Thursday, January 22, 2009

Well of course the rules don't apply to Desmond

Don't know if any of you are big "Lost" fans. I'm not, but still caught the season premiere last night. Actually the first hour was all I could handle because it appears this season they are finally resorting to that most confusing of plot elements -- time travel. Oh God why.

As if this show needed a more labyrinthine narrative. Even the writers seem to be struggling with it -- they already are exempting characters from the rules of space-time. So the character can wake up after experiencing a change in his past and say something like, "That wasn't a dream, it was a memory." It's gonna need a lot more of gun-toting Hurley to maintain its DVR status.

This got me thinking -- what TV shows have successfully used time travel. Quantum Leap and Doctor Who are the only ones I could think of that don't completely suck. Uh, Heroes? I guess that worked out OK for a while. Yeah wikipedia's got nothing. Seven Days? Christ.
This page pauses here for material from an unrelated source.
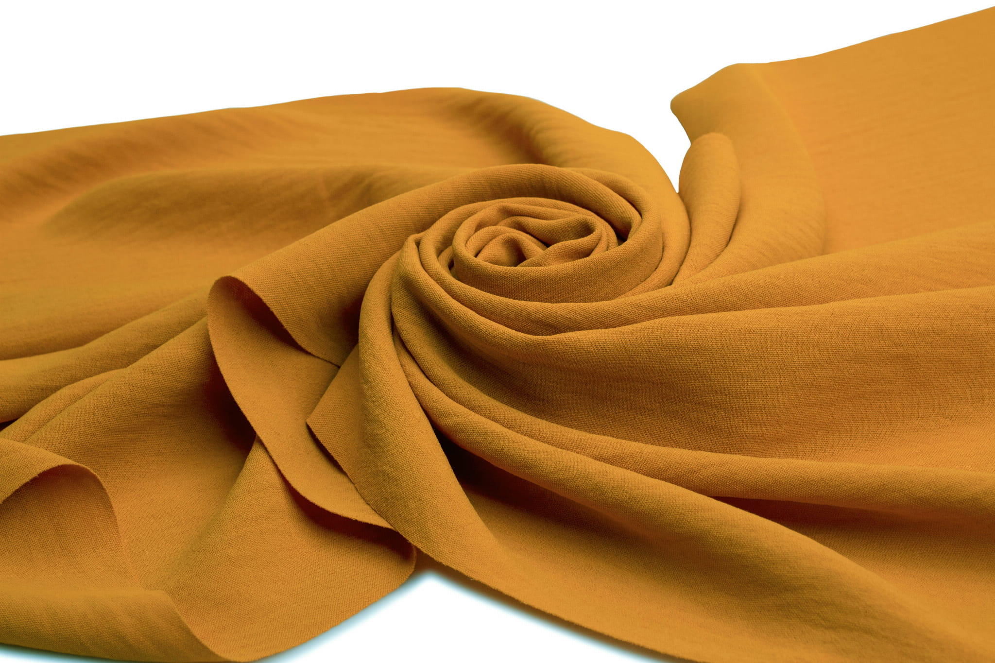 Sehr angenehmer Sommerstoff. American Crepe ist ein Stoff mit Georgette-Webung – gedrehte Fäden verleihen dem Material unregelmäßige Falten. Die lockere Webart macht den Stoff leicht und luftig und sorgt für eine angenehme Luftzirkulation. Trotz seiner Zartheit und seines sommerlichen Charakters bietet der Stoff eine hervorragende Abdeckung (er ist nicht transparent). Es ist widerstandsfähig und langlebig und erfordert dank seiner natürlich unebenen Struktur kein Bügeln. Durch den Zusatz von Elasthan schmiegt sich der Stoff perfekt an den Körper an. Es ist sehr leicht sauber zu halten, da es keiner besonderen Pflege bedarf – es ist maschinenwaschbar.

Although that Outer Limits episode sounds promising.

What's weird about this is that time-travel works so well in other media. There are tons of well thought out films and books that deal with traveling through time, from The Time Machine to Bill and Ted's Excellent Adventure. Something about the small screen seems to make it bad.

I think that inherent crappiness is because often traveling through time is resorted to as some kind of plot cure-all. Your basically granting the writer's god-like powers to sew up any dangling plot string. Shot in the leg and bleeding to death? ZAP, now you are in a time/place where there is someone with crack bullet-removing skills. It's just too easy, lacks the kind of payoff the viewer of such a convoluted show deserves. Explain the black fog monster and the polar bear goddammit!
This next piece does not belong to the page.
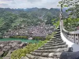 · Panoramic view: Here, you can see the Wuyang River meandering in an "S" shape through the ancient town, forming a natural Taiji pattern. The Qinglong Cave ancient architectural complex is built by the mountain and water, layered and stacked. The Miao Great Wall winds through the mountains.

They should make a show where a different person goes back in time every week to kill Hitler.

3 comments:

Anonymous said...

Time Travel! Posted for you, here, Goats, is the best time-travel story of all time, written by Robert Heinlein--he who made Neil Patrick Harris into Dick Cheney.

Hey, even Jove nods.

And read Grendel. And Lost is fun when you're bombed out of your mind, especially when Hurly meta-comments on the plot.

All You Zombies, Heinlein

http://ieng9.ucsd.edu/~mfedder/zombies.html

thope said...

Heinlein: wtf? Fry approves.

Also, I won't be reading grundel, or taint or whatever for a while -- I'm deep into some David Foster Wallace. Not infinite jest.

Anonymous said...

DFW? Hot. That was a shockwave out here, when he went down in the fall.

Yes, Fry makes an excellent own grandpa.